Cycling in Antalya & Southern Coast

Antalya: HC climbing from Mediterranean sea level — Babadağ 18.9km at 10.3%, Tahtalı to 2,365m, Saklikent Gorge canyon road — and the spring training camp destination for WorldTour squads who need Pyrenean gradients in March sunshine.

The Antalya region is Turkey's most compelling climbing destination — a 600km Mediterranean coastline backed immediately by the Taurus Mountains, which rise from sea level to above 3,000m within horizontal distances of 20–30km, creating gradient ratios that place the region's climbs among the hardest in the entire Mediterranean basin. The structure is the inverse of the Alps: where Alpine climbs approach from valley floors at 400–600m and summit at 2,000–2,500m, the Taurus climbs begin at sea level or close to it and deliver their full elevation gain from the Mediterranean shore.
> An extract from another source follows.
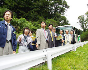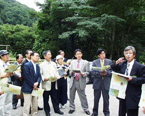 | ■八ツ場ダムなど視察、住民と懇談 (9月8日) 「脱ダムの流れを群馬でも」と、日本共産党の塩川衆院議員、大門参院議員、小笠原衆院比例候補らは8日、群馬県長野原町の八ツ場ダム、倉渕ダム、増田川ダム予定地を視察しました。計画から51年目となる八ツ場ダム予定地では、水没する川原湯温泉街の住民と懇談。代替地がないために、助成金をもらって地区外へ出て行く人が増えている現状や「国は私たちの苦しみをわかってくれない」などの不満が出されました。イヌワシ保護のために工事を中断していたいもかかわらず防災に名をかりて橋脚工事まですすめている県の倉渕ダムと松井田町に計画されている増田川ダム予定地も視察しました。参加者は「地元住民の苦悩と自民党政治の冷たさを目のあたりにした」「巨大なむだ遣いと自然破壊をなんとしてもやめさせたい」と感想を話していました。

Mount Babadağ above the Ölüdeniz lagoon — 18.9km at 10.3% average, maximum gradient 16.9%, 1,866m of gain from a start elevation of 103m — is one of the hardest road climbs in the Mediterranean and rivals the toughest ascents in the Pyrenees or the Dolomites by any objective metric. The view from the summit across the Ölüdeniz blue lagoon and the Fethiye bay below is among the finest summit vistas in all of road cycling, a reward commensurate with the effort required to reach it.

Last updated: 15 Mar 2026

Terrain
Road, Climbing, coastal
Difficulty
Moderate — Expert
Road Quality
Good
Cycling Culture
Developing
Traffic
Moderate

Pro Cycling Connection

Antalya is Turkey's established professional cycling training camp zone. Multiple WorldTour and ProTeam squads have used the region for spring training, with the Kemer-to-Tahtalı approach road and the...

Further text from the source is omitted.